Executive summary: Additional guidance on low-income communities bonus credit program
The Department of the Treasury and IRS issued a notice of proposed rulemaking on May 31, 2023 for applicants investing in certain solar and wind powered electricity generation facilities. Under this program, applicants investing in certain solar and wind facilities may apply for an allocation of capacity limitation to increase the amount of an energy investment credit in the year the facility is placed in service. Taxpayers that receive a capacity limitation allocation may increase their energy investment credit rate by 10 or 20 percentage points. The guidance describes proposed definitions and requirements that would be applicable for the program.
Background
As discussed in our previously issued alert, the Department of the Treasury (Treasury) and the IRS provided guidance to establish a program to allocate amounts of environmental justice solar and wind capacity limitation to qualified solar and wind facilities eligible for the investment tax credit (ITC). This program incentivizes solar and wind power in certain low-income areas under the Inflation Reduction Act of 2022 (the Act). An energy investment tax credit (energy ITC) may be claimed for placing in service certain energy property, including certain solar and wind facilities and the energy storage technology installed in connection with these facilities. The energy ITC is calculated by multiplying the basis of each energy property placed in service during the taxable year by the energy percentage.

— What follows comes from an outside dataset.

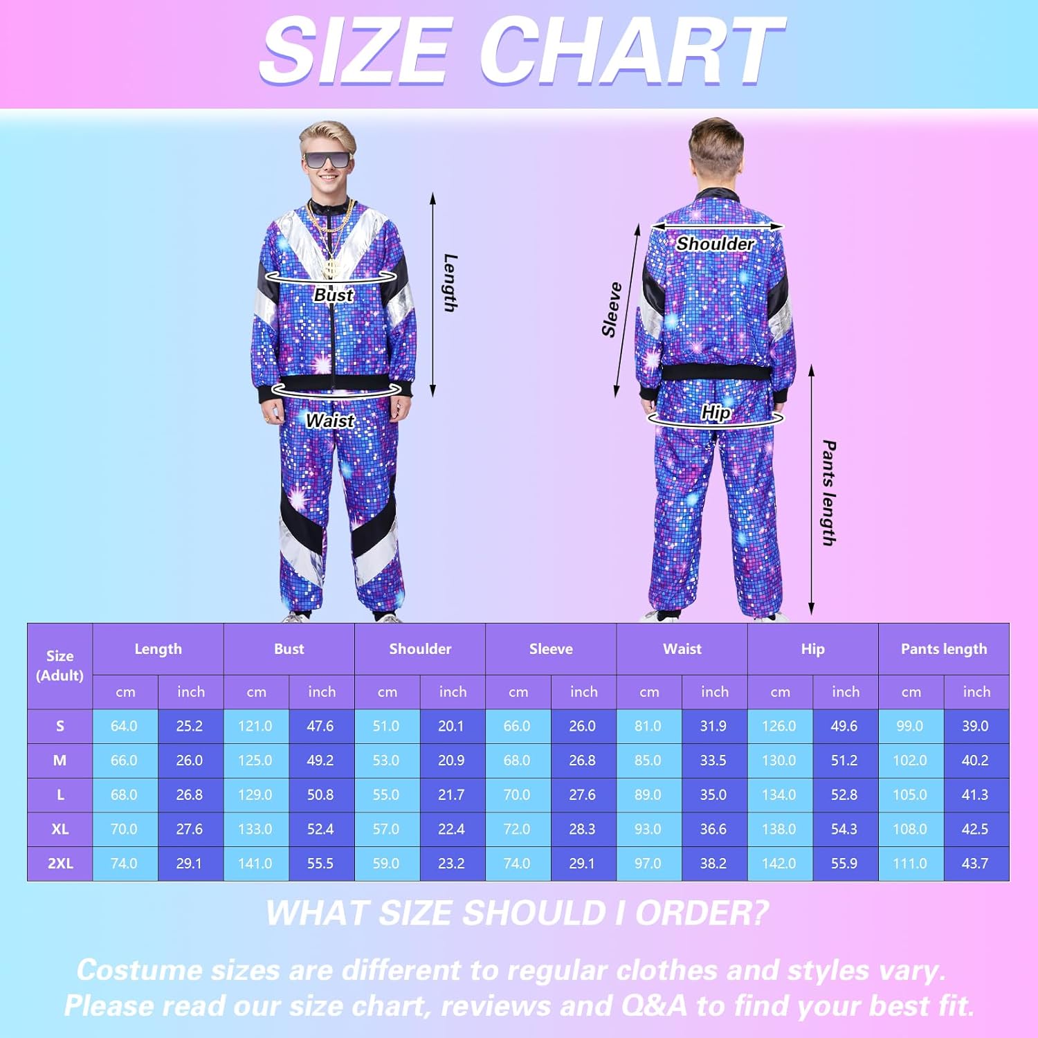 Raveparty Vestito da discoteca anni '80, per coppie, uomini e donne, abbigliamento da discoteca con abbigliamento sportivo, con braccialetti gonfiabili, fascia per occhiali da sole, per carnevale,

IRS issues proposed regulations for low-income community energy credit
On May 31, 2023, Treasury and the IRS released a notice of proposed rulemaking that provide additional detail on the procedures and criteria for taxpayers to apply for capacity limitation allocations to be able to receive increased tax credits for solar and wind facilities in low-income communities under section 48(e) of the Internal Revenue Code. The proposed regulations follow initial guidance that was released by the IRS and Treasury in February.
The Act created bonus investment tax credits for certain projects in low-income communities that meet certain criteria. Projects that meet this criterion, have the potential to receive increased credit amounts of 10 or 20 percentage points. The tax credit program has an annual limitation of 1.8 gigawatts of direct current capacity in both 2023 and 2024. In order to receive the increased tax credit, companies will need to apply for capacity limitation.

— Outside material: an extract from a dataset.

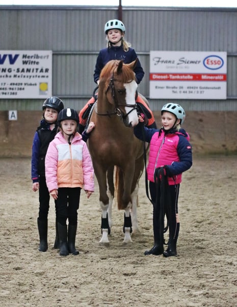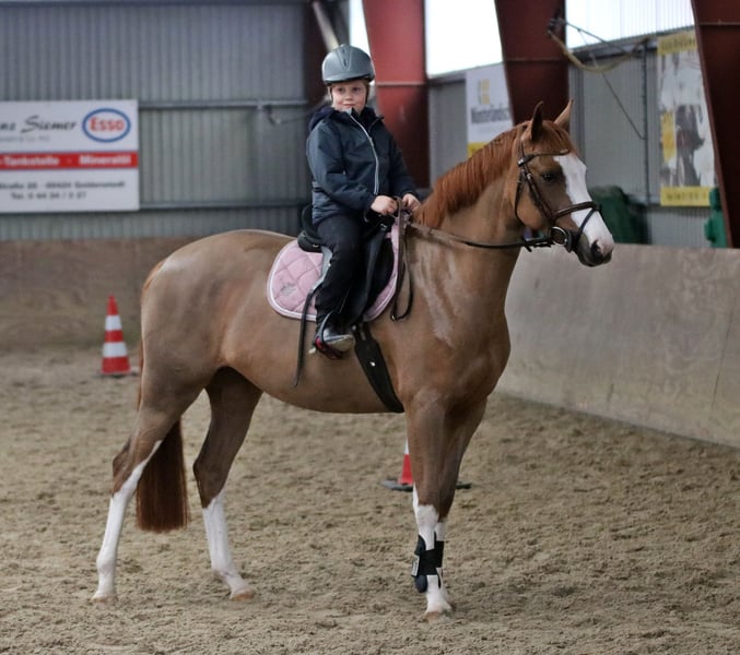 Verkaufe Deutsches Reitpony-Stute (Welsh B x Hannoveraner = Reitpony) Zum Verkauf steht eine wunderschöne deutsche Reitpony-Stute mit Top Abstammung für den Sportbereich, geboren im Jahr 2021. Sie besticht durch ihr elegantes Erscheinungsbild in Fuchsfärbung und hat ein Stockmaß von 156 cm. Die junge Dame ist bestens für den Dressursport geeignet und zeigt viel Talent sowie eine angenehme Grundhaltung. Charakterstark und freundlich. . Milka ist eine Stute mit Charm und freundliche Einstellung, sie eine Familie sucht wo sie ihre geduldige Art zur Geltung bringen darf. Lernwillig und arbeitsbereit, Milka hat keine Ambition zu flitzen, ist eher gemutlich unterwegs. Röntgenologisch untersucht jedoch ohne Befund, klinische Ankaufsuntersuchung wird zeitnah zur Übergabe neu durchgeführt. Milka ist zurzeit geschoren und unter Winterdecke. Sie ist freundlich, lernwillig und lässt sich gut reiten. Ideal Familienpony/Pferd genau richtig für eine Mutter und Kind / Kinder zu reiten. Milka ist von Kindern ab 8 Jahre geritten, die ist eine zuverlässige, genügsame Partnerin für den Dressurunterricht, Turniere oder allg Freizeitpartnerin die viel Freude schenken kann. Bei Interesse oder weiteren Fragen stehen wir gerne zur Verfügung. Nur seriöse Anfragen, Besichtigungen Samstagvormittag nach telefonischer Vereinbarung möglich. Videos sind vorhanden. Wir bitten um Verständnis, dass Videos werden nur nach telefinischer Kontaktaufnahme per whatsapp verschickt.

The proposed rules define key terms related to the program, provide information about the application process, and provide guidance on post-allocation compliance that would be required for applicants for 2023 allocations. Notably, in the proposed rules, Treasury and the IRS state that they plan to issue further guidance later this year that provides thorough procedures for 2023 applicants. The proposed rules describe the selection process and the procedures the IRS intends to implement to ensure that allocations are efficiently awarded to facilities that advance the program’s goals.

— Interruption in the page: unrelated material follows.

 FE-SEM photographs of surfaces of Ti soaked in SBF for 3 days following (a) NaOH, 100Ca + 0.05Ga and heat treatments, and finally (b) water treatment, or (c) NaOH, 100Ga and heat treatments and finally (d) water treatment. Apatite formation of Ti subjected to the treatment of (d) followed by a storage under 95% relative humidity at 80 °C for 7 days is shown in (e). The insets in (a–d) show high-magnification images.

With respect to the defining of key terms, the proposed rules define energy storage technology installed in connection with a solar or wind facility, ’financial benefits’ that projects need to provide to tenants and low-income households in order to qualify for the potential 20 percentage point bonus credit, and what it means for a project to be located in a low-income community or on tribal land.
The proposed rules also define what a ’qualified solar and wind facility’ eligible for the bonus credit is. The program rules require eligible projects to have a maximum net output of less than 5 megawatts (as measured in alternating current). In the proposed rules, however, Treasury and the IRS expressed their reservations stating their concerns as to how applicants might attempt to get around this limit by dividing large projects into multiple facilities. As such, as a way to circumvent this from happening, Treasury and the IRS are proposing that multiple solar or wind energy properties or facilities that are operated as part of a single project would be aggregated and treated as a single facility.
Similar to the February guidance, Treasury and the IRS provide that projects that were placed in service before receiving an allocation would be ineligible for the bonus credit. While some major solar industry groups have expressed concern about this requirement, Treasury and the IRS defended the requirement in their explanation of the proposed rules, saying that ’facilities that were placed in service prior to the allocation process do not increase adoption of and access to renewable energy facilities as compared to the absence of the Low-Income Communities Bonus Credit Program.’
Washington National Tax takeaways
With the issuance of the proposed regulations, taxpayers pursuing wind and solar projects in an eligible low-income community should carefully consider all of the guidance released in efforts to qualify for the program. Notably, both Treasury and the IRS have stated they are interested in comments from taxpayers about whether definitions and requirements in the proposed rules should apply to subsequent years in addition to 2023. These comments are due no later than June 30th, 2023.